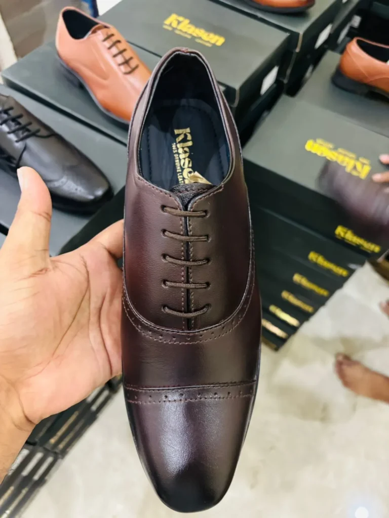 Oxford shoes are the epitome of formal footwear, characterized by their closed-lacing system and sleek silhouette. Indian manufacturers produce a variety of Oxfords, including cap-toe, plain-toe, and whole-cut designs, often using high-grade leather for durability and elegance.
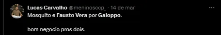 Nas últimas horas, o assunto de uma troca no mercado da bola tomou conta das redes sociais. Surgiu um boato de que o meia-atacante argentino do São Paulo, Galoppo, e seu compatriota, o volante Fausto Vera, do Corinthians, poderiam ser trocados.
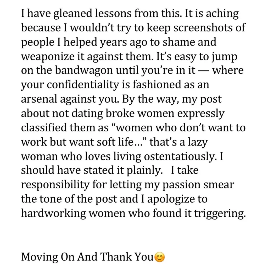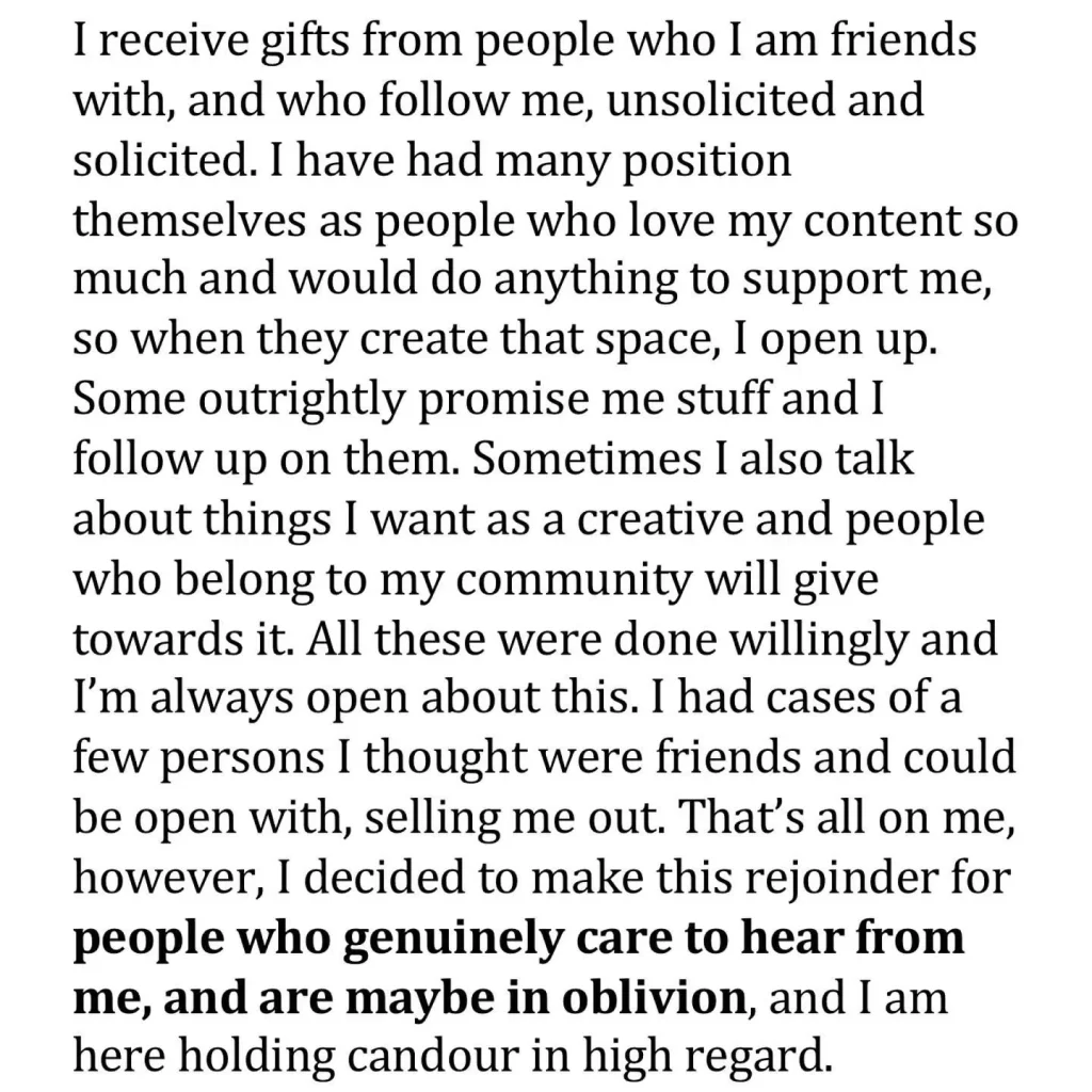 However, Following this advice, a handful of women had shared screenshots of chats where Buchi supposedly asked them for money.

_____

- Try it:
Extract the lines beginning with the one that contains "Nas últimas horas, o" and ending with the last line of the listing. Keep them exact and drop the pictures.

- Your response:
 Nas últimas horas, o assunto de uma troca no mercado da bola tomou conta das redes sociais. Surgiu um boato de que o meia-atacante argentino do São Paulo, Galoppo, e seu compatriota, o volante Fausto Vera, do Corinthians, poderiam ser trocados.
 However, Following this advice, a handful of women had shared screenshots of chats where Buchi supposedly asked them for money.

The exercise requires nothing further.